## Task prompt
Begin with the line below holding "Au fil du match, la" and go on through the line holding "レディース あったか 裏地付 シフォン 前タック ブラウス 冬 S/M/L/LL", duplicating each line exactly and leaving out pictures.

## Recorded information
>>>>>

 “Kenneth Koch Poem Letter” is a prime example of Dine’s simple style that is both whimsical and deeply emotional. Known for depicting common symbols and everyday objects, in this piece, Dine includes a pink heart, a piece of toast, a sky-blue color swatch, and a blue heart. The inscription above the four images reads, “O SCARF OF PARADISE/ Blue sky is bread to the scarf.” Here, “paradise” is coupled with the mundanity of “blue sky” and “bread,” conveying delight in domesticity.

<<<<<
>>>>>

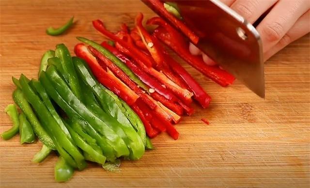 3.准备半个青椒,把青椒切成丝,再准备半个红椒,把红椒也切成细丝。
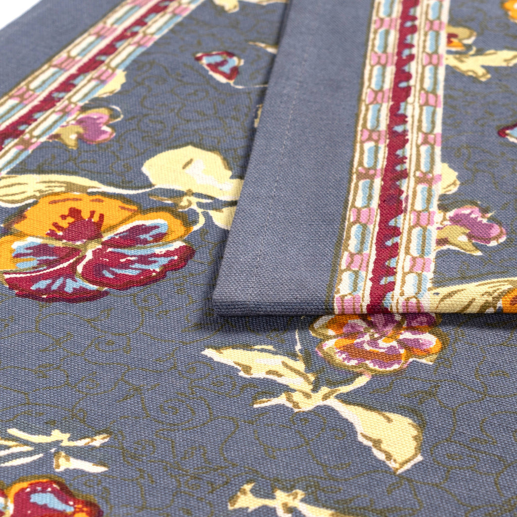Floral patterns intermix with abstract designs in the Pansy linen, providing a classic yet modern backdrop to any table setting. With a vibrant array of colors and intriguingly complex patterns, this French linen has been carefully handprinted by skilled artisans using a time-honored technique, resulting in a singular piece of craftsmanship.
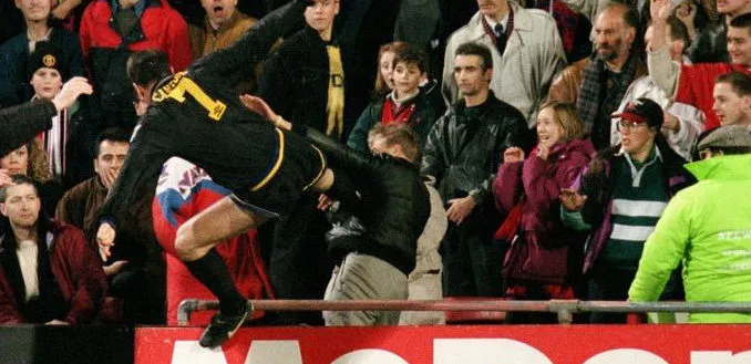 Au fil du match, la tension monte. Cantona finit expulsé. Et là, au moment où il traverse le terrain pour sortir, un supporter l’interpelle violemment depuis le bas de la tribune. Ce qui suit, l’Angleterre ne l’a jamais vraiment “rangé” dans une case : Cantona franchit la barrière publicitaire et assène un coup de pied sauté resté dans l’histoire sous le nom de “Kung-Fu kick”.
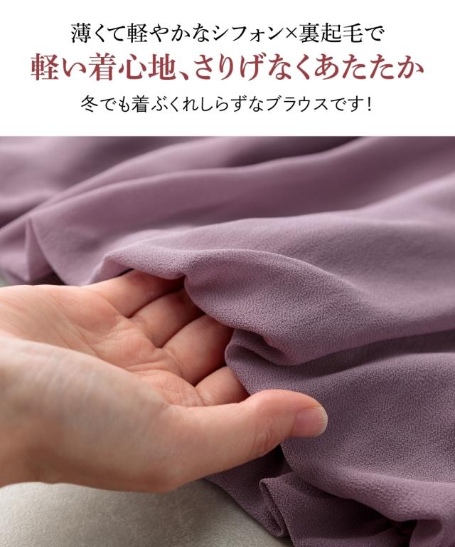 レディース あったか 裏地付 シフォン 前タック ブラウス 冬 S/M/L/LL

<<<<<

## Task answer
 Au fil du match, la tension monte. Cantona finit expulsé. Et là, au moment où il traverse le terrain pour sortir, un supporter l’interpelle violemment depuis le bas de la tribune. Ce qui suit, l’Angleterre ne l’a jamais vraiment “rangé” dans une case : Cantona franchit la barrière publicitaire et assène un coup de pied sauté resté dans l’histoire sous le nom de “Kung-Fu kick”.
 レディース あったか 裏地付 シフォン 前タック ブラウス 冬 S/M/L/LL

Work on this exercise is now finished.